The customer notification system immediately saves the image processing result as the identifier (ID) of the recognized customer and its type: sailor or pirate.

Recognized Object ID	Customer category
100500	Pirate
100501	Pirate
100502	Sailor

Once again, we note that

1. Our sailors are actually shaved people
2. Our pirates are actually bearded people

What problems in this case need to be addressed so that our structure strives for a third normal form:

attribute atomic violation - Client category
mixing of the analyzed fact and conclusion in one table
fixed functional relationship between attributes of different entities.

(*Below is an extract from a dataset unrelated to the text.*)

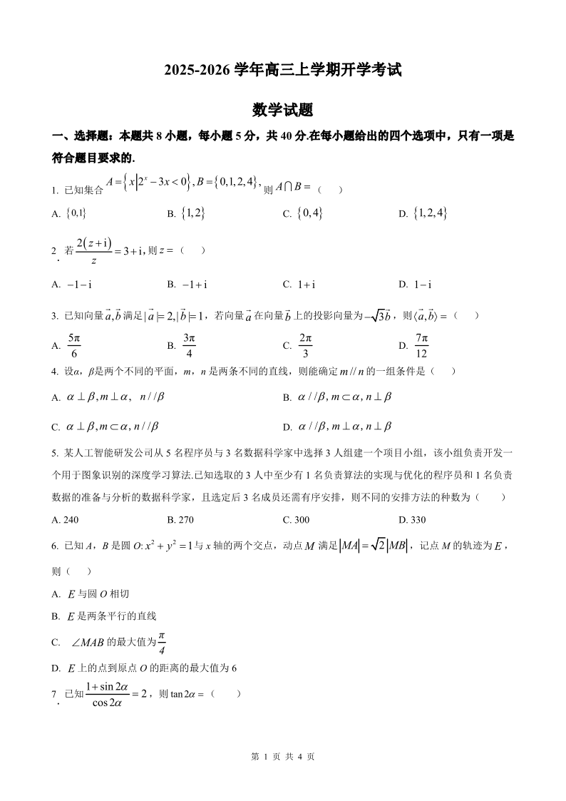 高三数学+答案 --河北省衡水市冀州中学2026届高三上学期开学摸底考试

In normalized form, we would get two tables:

recognition result in the form of a set of established features,

Recognized Object ID	Facial hair
100500	Yes
100501	Yes
100502	No

the result of determining the type of client as an application of the logic embedded in the IS for the interpretation of established signs

Recognized Object ID	Identification ID	Customer category
100500	100001	Pirate
100501	100002	Pirate
100502	100003	Sailor

How can a normalized storage organization facilitate the development of an IP complex? Let's say you suddenly have new customers. Let it be Japanese pirates who may not have a beard, but they walk with a parrot on their shoulders, and environmental pirates, you can easily recognize them by the blue profile of Greta on their left chest.

Environmental pirates, of course, cannot use bone crests and require an analogue from recycled marine plastic.

You need to rework the algorithms of the programs in accordance with the new introductory. If the normalization rules were met, then you would only have to add inputs for some process branches and create new branches only for those cases and in those IPs where the hairline on the face is important. But, since the rules were not followed, you will have to analyze the entire code, in the whole circuit, where the values of the client types directory are used and unambiguously establish that in one case the algorithm should take into account the professional activities of the client, and in the other physical features.

In a view that tends to normalize, we would get two tables with operational data and two directories:

recognition result in the form of a set of established features,


100510	1	1	1
100511	0	0	1
100512		1	0

( , )

Does the denormalization detected mean that the systems cannot be modified under new conditions? Of course not. If you imagine that all IPs were created by one team with zero staff turnover, the development is well documented and the information in the team is transmitted without loss, then the required changes can be products with neglectingly low effort. But if we return to the initial conditions of the task, only 1.5 keyboards and another 0.5 for registration of procurement procedures will be erased only for printing protocols of joint discussions.

In the above example, all three normal forms are violated, let's try to violate them individually.

Violation of the first normal form:

Suppose goods are delivered to your warehouse from suppliers' warehouses at your own expense using one 1.5-ton gazelle that belongs to your tavern. The size of your orders is so small relative to the turnover of suppliers that they are always carried out one to one without waiting for production. Do you need separate tables for such a PSU: vehicles, types of vehicles, do you need to separate the plan and the fact in your orders to departed suppliers?

Just imagine how many “extra” connections your programmers will have to write if you use the model below to develop a program.

Suppose we made a decision that the proposed structure is unnecessarily complicated, for our case, separating the plan and the fact in the order record is redundant information, and the generated order specification is overwritten by the results of acceptance of the arrived goods, rare re-sorting and arrival of goods of inadequate quality are settled outside the IP.
And then one day you see how the entire tavern hall is filled with indignant and unkempt pirates. What happened?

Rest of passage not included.